Features Overview

DocFirewall includes a suite of specialized detectors mapped to specific threat vectors.

Core Architecture

Dual-Stage Scanning

Fast Scan (Byte-Level): Instantly identifies structural anomalies, binary signatures, and known bad indicators (like /JavaScript tags in PDFs or PE headers) without fully parsing the file. This allows for rapid rejection of obviously malicious files (< 20ms).
Deep Scan (Parsed Analysis): Fully parses the document using Docling to extract text, layout, and metadata. This layer applies semantic analysis, PII detection, and complex logic checks.

Supported Formats

PDF: Scans structure (objects, streams), content, and metadata.
DOCX: Scans XML structure, relationships, macros, and embedded media.
PPTX: Scans presentation structure, slide relationships, macros, shapes, and embedded payloads.
XLSX: Scans workbook structure, sheet relationships, macros, formulas (DDE), and embedded payloads.

Threat Detection Modules

1. Active Content & Malware (T1, T2, T7)

Detects executable code and embedded payloads that could compromise the host system.

Antivirus Integration (T1): Connects to ClamAV, VirusTotal, or CLI tools.
Active Content (T2): Flags JavaScript, VBA Macros, OLE Objects, and PDF Actions.
Embedded Payloads (T7): Identifies embedded binaries (PE, ELF) and suspicious object streams.

2. LLM Integrity (T4, T5, T9)

Protects AI models from manipulation.

Prompt Injection (T4): Uses regex and semantic analysis (Transformers) to catch jailbreaks.
Ranking Manipulation (T5): Identifies keyword stuffing and statistical anomalies.
ATS Manipulation (T9): Detects hidden text (white-on-white) and metadata stuffing.

3. Evasion & Obfuscation (T3)

Homoglyphs: Mixed-script characters (Cyrillic vs. Latin) used to spoof keywords.
Invisible Characters: Zero-Width Joiners and Bidi control characters.

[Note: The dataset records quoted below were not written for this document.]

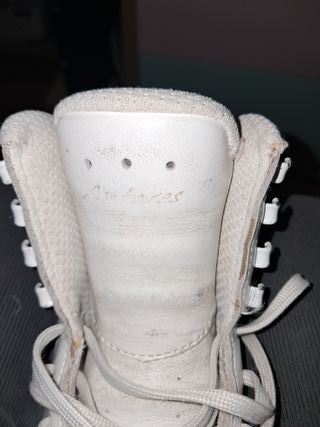 Pattini da scuola del marchio Carlos Mur. Colore bianco. Chiusura con lacci, da sostituire. Struttura Risport. Pletina Atlas numero 14. Pattini usati ma curati per mantenere la pelle idratata ed elastica. Mancano le solette per gli scarponi.
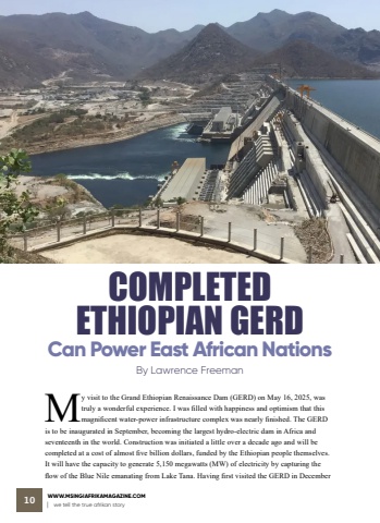LeadershipWWW.MSINGIAFRIKAMAGAZINE.COM | we tell the true afrikan story 10COMPLETED ETHIOPIAN GERDCan Power East African NationsBy Lawrence FreemanMy visit to the Grand Ethiopian Renaissance Dam (GERD) on May 16, 2025, was truly a wonderful experience. I was filled with happiness and optimism that this magnificent water-power infrastructure complex was nearly finished. The GERD is to be inaugurated in September, becoming the largest hydro-electric dam in Africa and seventeenth in the world. Construction was initiated a little over a decade ago and will be completed at a cost of almost five billion dollars, funded by the Ethiopian people themselves. It will have the capacity to generate 5,150 megawatts (MW) of electricity by capturing the flow of the Blue Nile emanating from Lake Tana. Having first visited the GERD in December
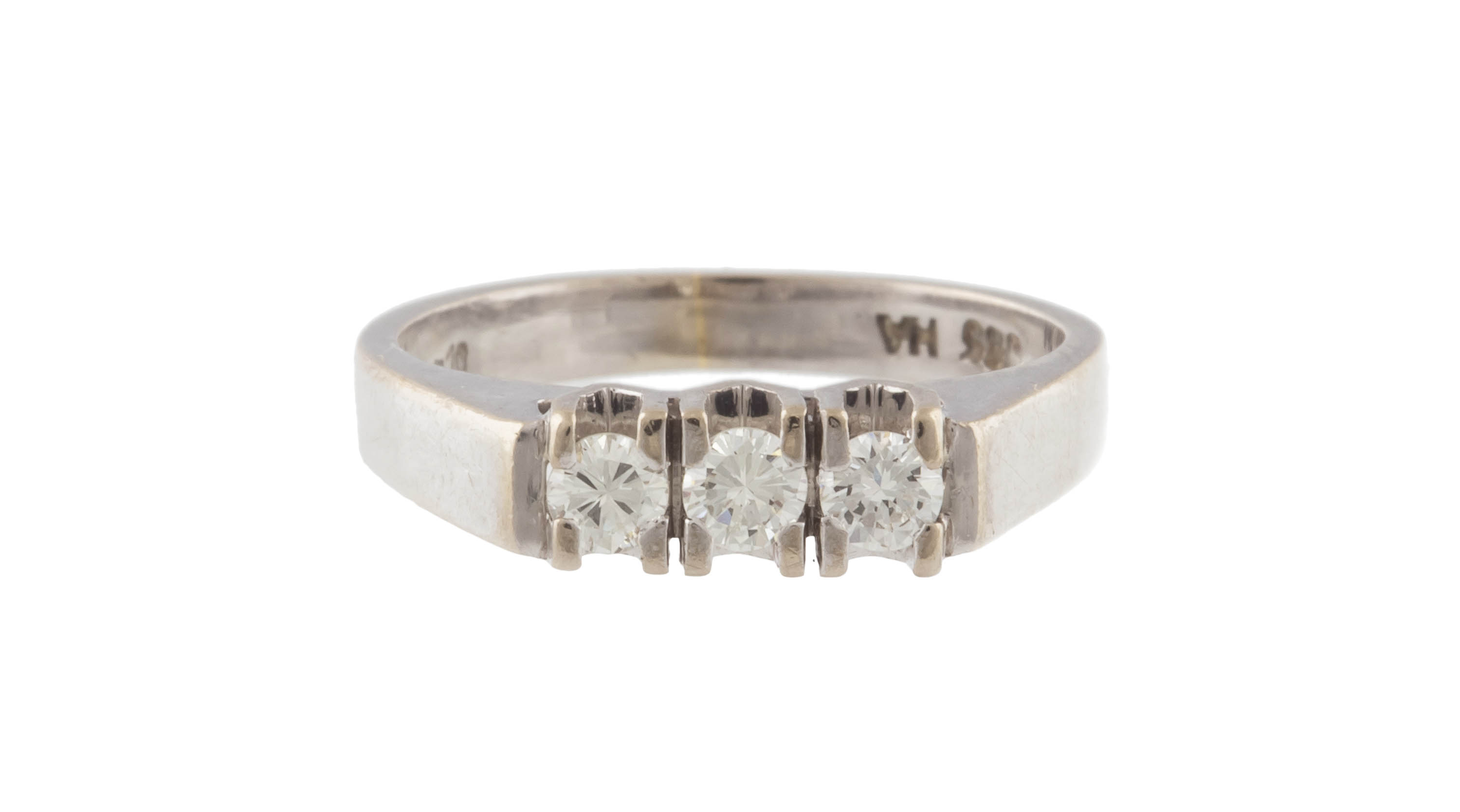 złoto, pr. 0,585, m. 3,76 g, 3 szt. brylantów łącznie ok. 0,30 ct, H-I/VS-SI
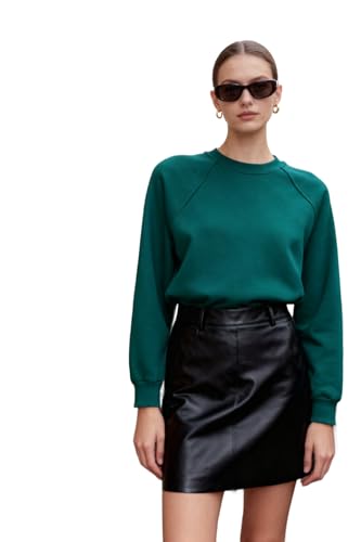 Trendyol - Trendyol Womens Emerald Green Relaxed/Comfortable Fit Basic Raglan Sleeve Crew Neck Knitted Sweatshirt TWOAW24SW00104 Sweatshirt
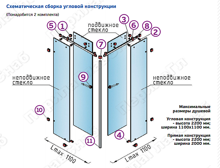 Устанавливаем профиля t756 BL на стену и пол где будут неподвижны стекла. Фиксируем стекла в профиля.
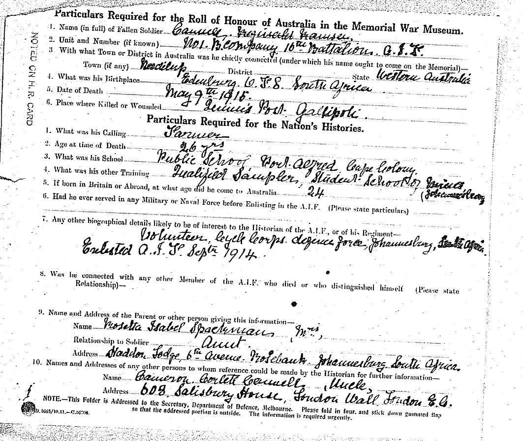 Son of Clifford Frank Ramsey Cannell and Molly Cannell. Born Edenburg, Orange Free State, South Africa. Educated Port Alfred Public School. A farmer. |

4. Infrastructure Protection (T6, T8)

DoS (T6): Zip bombs (via expansion ratios and bounds), excessive page counts, recursion loops.
Metadata Injection (T8): Buffer overflows and syntax injection in metadata fields.
XXE Defense: All Office parsers use defusedxml to block XML External Entities and mitigate SSRF attacks.

5. Configurable Dataset-Agnostic Limits

Instead of relying on hardcoded static heuristics, DocFirewall evaluates proportional risks dynamically using Limits (e.g. invisible-character ratio scaling instead of strict counts). Developers can selectively override any regex pattern, timeout, or byte-size limits seamlessly via ScanConfig.limits.

6. Data Privacy

PII Detector: Scans for SSN, Email, Phone, Credit Cards.
Secrets Detector: Finds API Keys, Passwords, and Tokens.